Saturday, 25 February 2012

News Hour- Domestic managers may get to run offshore funds

MUMBAI: Indian fund managers will soon be able to manage domestic and offshore funds. Market regulator SEBI is planning to relax rules that require funds to appoint separate managers for each activity -mutual funds, portfolio management services and offshore advisory services, according to people with knowledge of the matter.

The regulator will put in place rules mandating disclosures of possible conflict of interest arising from the same person managing different funds, they said.
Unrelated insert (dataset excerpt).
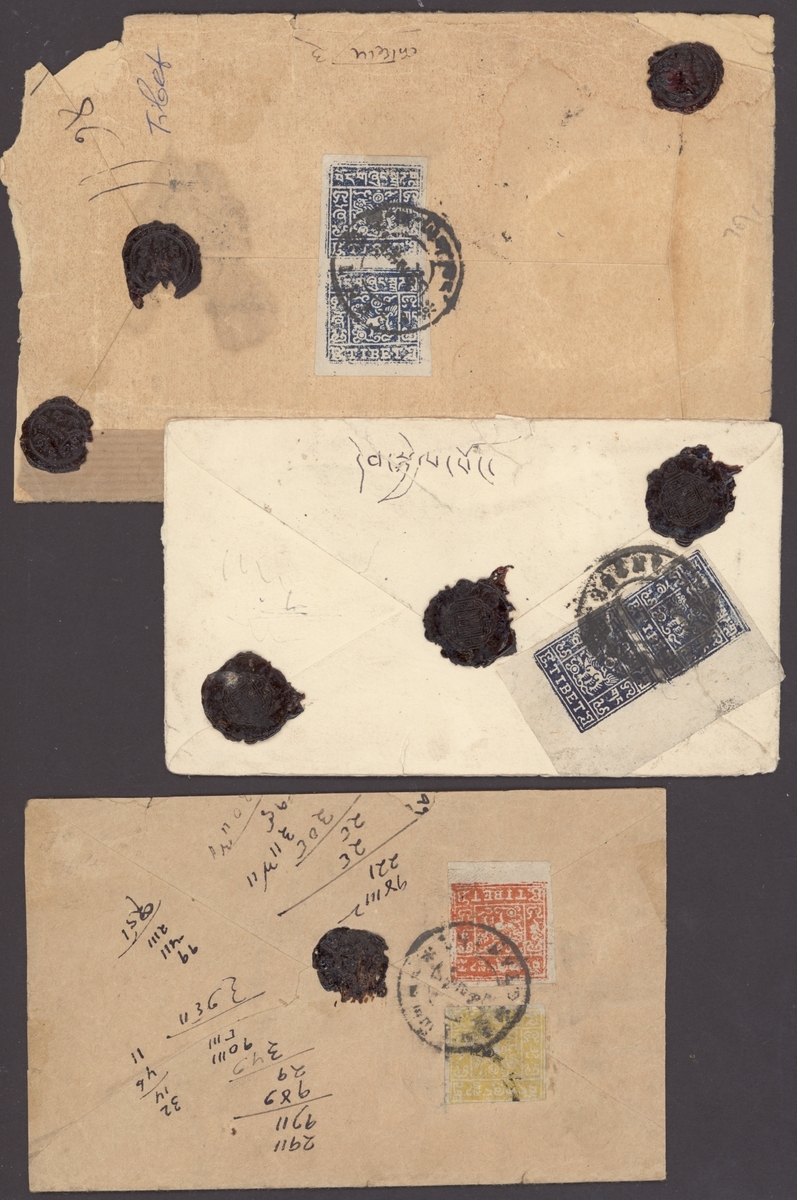 1933-35 (c.) a group of registered covers two bearing vertical pairs of 2/3 tr. dark blue cancelled by either Lhasa or Gyantse postmarks, also envelope bearing ½tr. pale yellow and 1tr. pale scarlet-vermilion tied by Gyantse postmark; condition is variable. (3 covers)

Industry officials say the move will result in lower cost for fund houses while investors will be able to enjoy the benefits of the cumulative experience of the investment team.
Also, international investors have more faith in local fund managers as they have a better understanding of the market. "There is a distinct segregation of activity in terms of personnel, research and dealing. Anything that can facilitate pooling in of resources which would not result in conflict of interest would be a welcome move," said N Sethuram Iyer, chief investment officer, Daiwa Mutual Fund.
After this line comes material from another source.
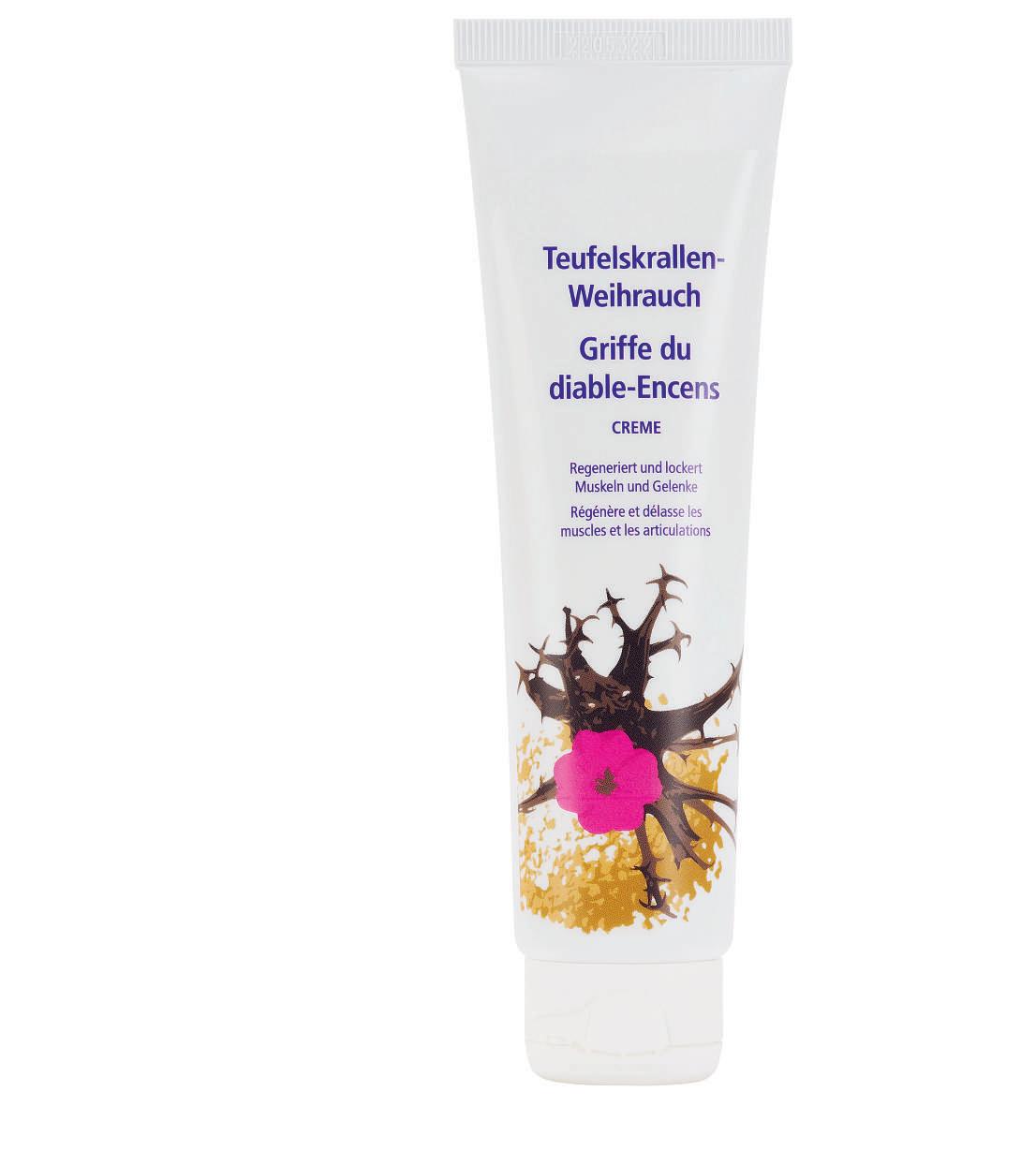 Crème griffedudiable-encens, àlavitamine Eetà les huiles essentielles bois de cèdre, ravintsara, marjolaine, sauge sclarée et gingembre. Un massage doux régénèreetdélasse les muscles et les articulations, et stimule la circulation sanguine.

Last year, the regulator had allowed investment management firms to share back-end resources like IT systems but said they had to have a separate manager for each fund by it unless the investment objective and asset allocation are identical.

Chinese walls that require separate investment teams add to the cost of the asset management company which translates into higher costs to the ultimate investor, industry officials said. Such segregation is not found in developed markets with fund managers managing different funds, provided disclosure about potential conflicts of interest is made to the investor.
The conflicts of interest that the current SEBI regulations seek to avoid are insider trading, front running or the practise of the fund manager buying stocks ahead of the fund and preferential treatment to investors in the larger fund at the expense of funds that have a lower quantum of assets under management.

Abroad, asset management firms have to ensure that they have put in place effective policy to mitigate such concerns.

For instance in the UK, there are provisions for disclosure of conflict of interest to clients and potential clients.

"Achieving the economies of scale is the key value delivery by investment management industry. Being conscious of an ensuring effective resolution of any conflict of interest of varied set of investors is crucial," said Dhirendra Kumar, CEO of Delhi-based mutual fund tracker Value Research.